We considered withdrawal to be clinically significant if it was rated as moderate or severe, precipitated withdrawal, or led to treatment cessation. Using this definition allowed us to combine findings across study types. Thirteen patients in case reports/case series and 37 patients in the single-arm observational studies reported clinically significant withdrawal (50/682 = 7%); a similarly low rate was found in the original systematic review.
Transition to buprenorphine
76% (80/105) of patients in case reports/case series transitioned to buprenorphine monotherapy. An additional 13 patients continued use of full opioids agonists with concurrent buprenorphine meaning that 89% (93/105) of all patients transitioned to buprenorphine with or without concurrent agonists. One patient was still undergoing buprenorphine and full opioid agonist cross-taper at the time of manuscript submission and did not state if the patient transitioned. Twelve (11%) patients did not transition to buprenorphine. Of the 12 patients that did not transition to buprenorphine, five experienced at least moderate withdrawal and/or withdrawal leading to treatment cessation. Other reasons included side effects such as oversedation and nausea, buprenorphine feeling ineffective for pain, or loss to follow up.

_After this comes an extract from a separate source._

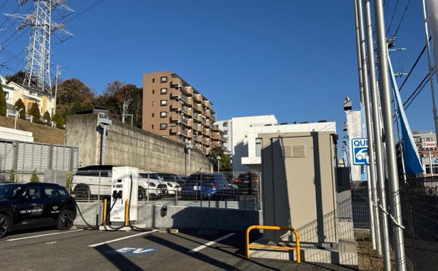 ABB製150kW×2口器です。ショールームからは離れたメルセデスベンツ側(南側)の駐車場に設置されてます。営業時間内で使用可能です。

In single-arm observational studies, 80% (358/450) of patients transitioned to buprenorphine; one study did not report rates of transition. Studies by Murray, Raheemullah, Bhatraju, and Noel indicated the number of patients that continued full opioid agonists (n = 11, n = 3, n = 23, and n = 10 respectively), but it is not clear if participants in the other studies did as well. In the single-arm observational studies, lower rates of transition to buprenorphine were seen in the outpatient setting compared to those seen in case reports; only 62% (44/71) of outpatients transitioned to buprenorphine in single-arm observational studies. In contrast, 82% of outpatients (55/67) transitioned to buprenorphine in case reports.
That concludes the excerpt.